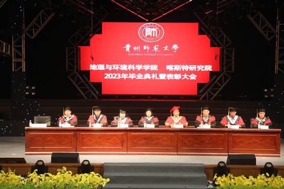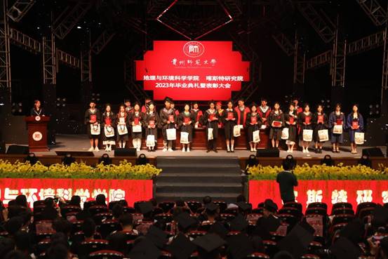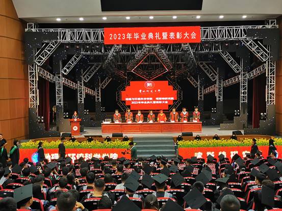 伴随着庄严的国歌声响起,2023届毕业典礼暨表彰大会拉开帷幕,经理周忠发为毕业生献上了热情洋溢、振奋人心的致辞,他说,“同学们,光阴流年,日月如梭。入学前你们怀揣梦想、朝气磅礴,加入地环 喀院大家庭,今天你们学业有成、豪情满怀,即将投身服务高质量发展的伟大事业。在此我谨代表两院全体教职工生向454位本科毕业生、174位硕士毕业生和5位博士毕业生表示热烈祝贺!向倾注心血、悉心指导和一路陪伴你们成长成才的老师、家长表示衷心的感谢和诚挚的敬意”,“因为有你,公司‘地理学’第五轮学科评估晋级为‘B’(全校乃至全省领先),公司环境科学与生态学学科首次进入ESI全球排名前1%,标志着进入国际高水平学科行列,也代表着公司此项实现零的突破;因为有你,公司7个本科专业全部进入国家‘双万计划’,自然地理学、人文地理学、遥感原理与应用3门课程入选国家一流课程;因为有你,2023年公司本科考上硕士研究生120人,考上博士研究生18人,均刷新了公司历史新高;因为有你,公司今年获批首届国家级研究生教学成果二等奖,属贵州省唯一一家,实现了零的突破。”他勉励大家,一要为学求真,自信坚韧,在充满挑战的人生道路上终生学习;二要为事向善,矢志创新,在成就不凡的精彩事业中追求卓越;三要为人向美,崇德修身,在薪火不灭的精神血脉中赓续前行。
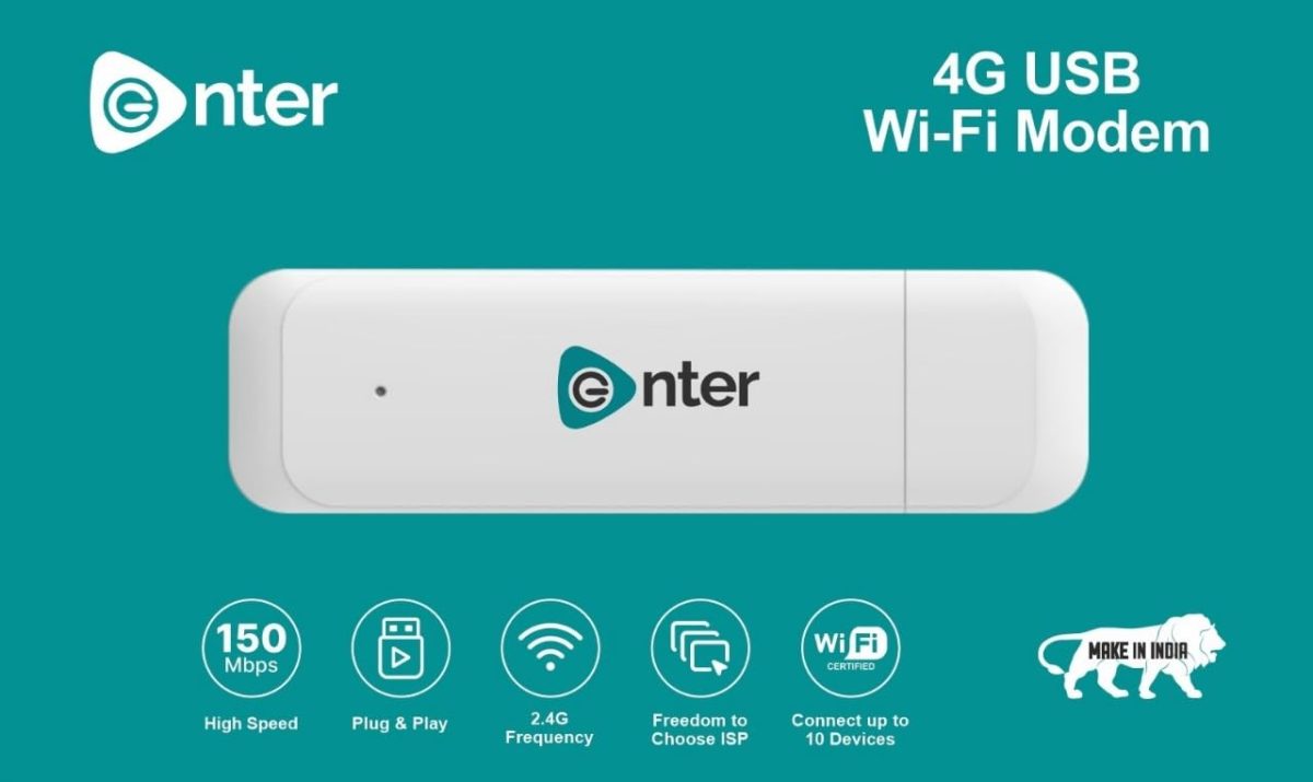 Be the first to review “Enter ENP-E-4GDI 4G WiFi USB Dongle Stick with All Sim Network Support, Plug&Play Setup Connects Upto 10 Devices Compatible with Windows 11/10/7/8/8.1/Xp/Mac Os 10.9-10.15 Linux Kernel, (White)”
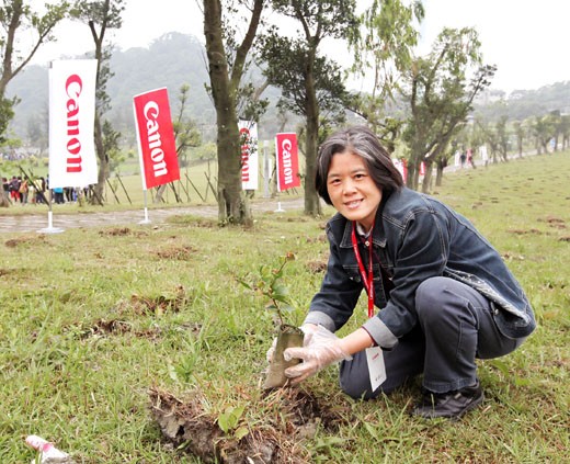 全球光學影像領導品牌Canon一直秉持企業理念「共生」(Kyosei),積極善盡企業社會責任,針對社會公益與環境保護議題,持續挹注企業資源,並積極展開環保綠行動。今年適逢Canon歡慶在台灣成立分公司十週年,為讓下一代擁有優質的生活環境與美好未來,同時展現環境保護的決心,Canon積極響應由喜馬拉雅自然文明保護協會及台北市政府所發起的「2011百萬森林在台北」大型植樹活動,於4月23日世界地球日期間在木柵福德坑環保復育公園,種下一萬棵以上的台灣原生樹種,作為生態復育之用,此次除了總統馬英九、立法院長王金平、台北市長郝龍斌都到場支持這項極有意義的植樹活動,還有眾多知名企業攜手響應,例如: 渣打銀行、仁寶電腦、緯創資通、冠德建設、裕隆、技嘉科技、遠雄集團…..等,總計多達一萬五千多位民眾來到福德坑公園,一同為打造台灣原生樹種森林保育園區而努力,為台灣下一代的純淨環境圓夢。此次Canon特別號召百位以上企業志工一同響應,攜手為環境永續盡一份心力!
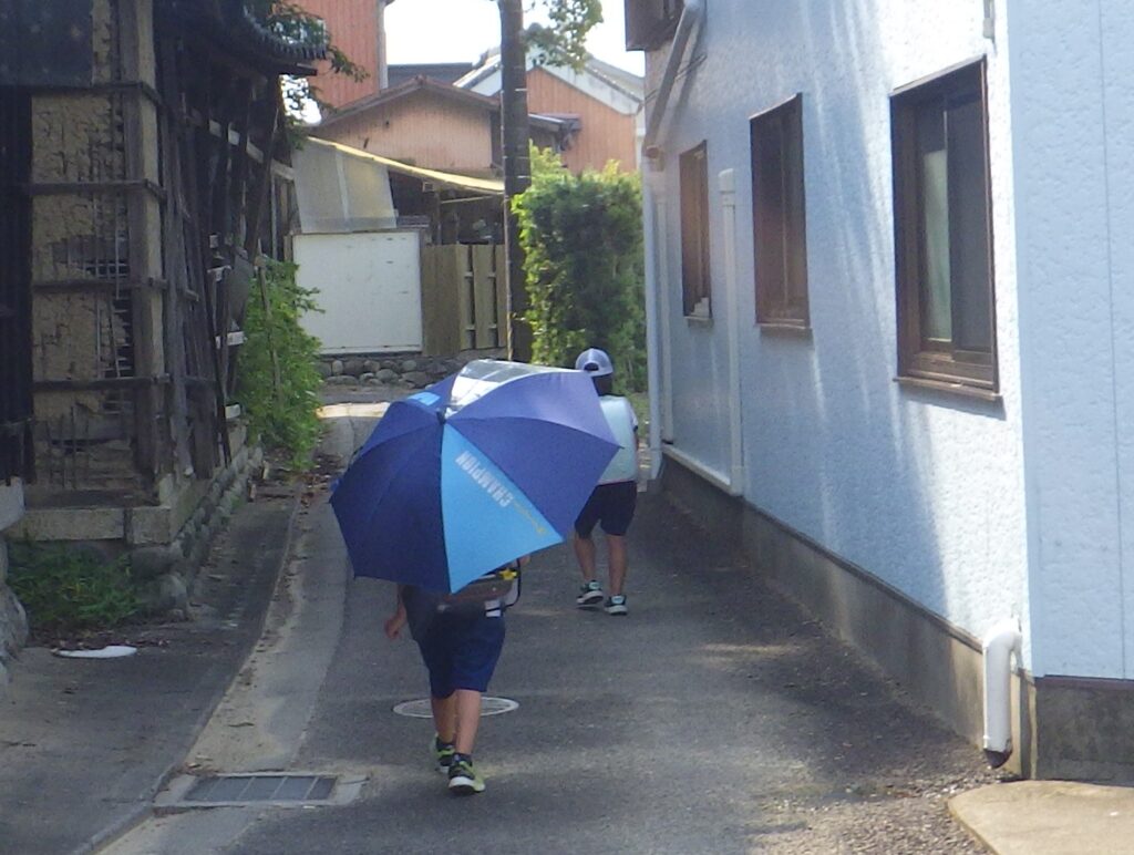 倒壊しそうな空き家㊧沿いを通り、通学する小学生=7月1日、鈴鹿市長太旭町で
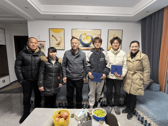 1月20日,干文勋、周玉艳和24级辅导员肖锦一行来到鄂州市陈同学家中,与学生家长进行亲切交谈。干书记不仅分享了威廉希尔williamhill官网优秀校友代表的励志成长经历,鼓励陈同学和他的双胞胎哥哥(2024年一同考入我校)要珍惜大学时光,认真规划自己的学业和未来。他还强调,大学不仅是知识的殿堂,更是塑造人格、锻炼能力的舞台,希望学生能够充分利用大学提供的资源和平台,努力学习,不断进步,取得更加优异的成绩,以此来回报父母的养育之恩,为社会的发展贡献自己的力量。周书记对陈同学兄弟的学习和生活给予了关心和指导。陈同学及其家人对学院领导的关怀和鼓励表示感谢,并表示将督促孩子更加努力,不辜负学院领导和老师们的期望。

=====

### What to produce
Write every entry out again exactly, dropping the pictures.

### Result of the exercise
 伴随着庄严的国歌声响起,2023届毕业典礼暨表彰大会拉开帷幕,经理周忠发为毕业生献上了热情洋溢、振奋人心的致辞,他说,“同学们,光阴流年,日月如梭。入学前你们怀揣梦想、朝气磅礴,加入地环 喀院大家庭,今天你们学业有成、豪情满怀,即将投身服务高质量发展的伟大事业。在此我谨代表两院全体教职工生向454位本科毕业生、174位硕士毕业生和5位博士毕业生表示热烈祝贺!向倾注心血、悉心指导和一路陪伴你们成长成才的老师、家长表示衷心的感谢和诚挚的敬意”,“因为有你,公司‘地理学’第五轮学科评估晋级为‘B’(全校乃至全省领先),公司环境科学与生态学学科首次进入ESI全球排名前1%,标志着进入国际高水平学科行列,也代表着公司此项实现零的突破;因为有你,公司7个本科专业全部进入国家‘双万计划’,自然地理学、人文地理学、遥感原理与应用3门课程入选国家一流课程;因为有你,2023年公司本科考上硕士研究生120人,考上博士研究生18人,均刷新了公司历史新高;因为有你,公司今年获批首届国家级研究生教学成果二等奖,属贵州省唯一一家,实现了零的突破。”他勉励大家,一要为学求真,自信坚韧,在充满挑战的人生道路上终生学习;二要为事向善,矢志创新,在成就不凡的精彩事业中追求卓越;三要为人向美,崇德修身,在薪火不灭的精神血脉中赓续前行。
 Be the first to review “Enter ENP-E-4GDI 4G WiFi USB Dongle Stick with All Sim Network Support, Plug&Play Setup Connects Upto 10 Devices Compatible with Windows 11/10/7/8/8.1/Xp/Mac Os 10.9-10.15 Linux Kernel, (White)”
 全球光學影像領導品牌Canon一直秉持企業理念「共生」(Kyosei),積極善盡企業社會責任,針對社會公益與環境保護議題,持續挹注企業資源,並積極展開環保綠行動。今年適逢Canon歡慶在台灣成立分公司十週年,為讓下一代擁有優質的生活環境與美好未來,同時展現環境保護的決心,Canon積極響應由喜馬拉雅自然文明保護協會及台北市政府所發起的「2011百萬森林在台北」大型植樹活動,於4月23日世界地球日期間在木柵福德坑環保復育公園,種下一萬棵以上的台灣原生樹種,作為生態復育之用,此次除了總統馬英九、立法院長王金平、台北市長郝龍斌都到場支持這項極有意義的植樹活動,還有眾多知名企業攜手響應,例如: 渣打銀行、仁寶電腦、緯創資通、冠德建設、裕隆、技嘉科技、遠雄集團…..等,總計多達一萬五千多位民眾來到福德坑公園,一同為打造台灣原生樹種森林保育園區而努力,為台灣下一代的純淨環境圓夢。此次Canon特別號召百位以上企業志工一同響應,攜手為環境永續盡一份心力!
 倒壊しそうな空き家㊧沿いを通り、通学する小学生=7月1日、鈴鹿市長太旭町で
 1月20日,干文勋、周玉艳和24级辅导员肖锦一行来到鄂州市陈同学家中,与学生家长进行亲切交谈。干书记不仅分享了威廉希尔williamhill官网优秀校友代表的励志成长经历,鼓励陈同学和他的双胞胎哥哥(2024年一同考入我校)要珍惜大学时光,认真规划自己的学业和未来。他还强调,大学不仅是知识的殿堂,更是塑造人格、锻炼能力的舞台,希望学生能够充分利用大学提供的资源和平台,努力学习,不断进步,取得更加优异的成绩,以此来回报父母的养育之恩,为社会的发展贡献自己的力量。周书记对陈同学兄弟的学习和生活给予了关心和指导。陈同学及其家人对学院领导的关怀和鼓励表示感谢,并表示将督促孩子更加努力,不辜负学院领导和老师们的期望。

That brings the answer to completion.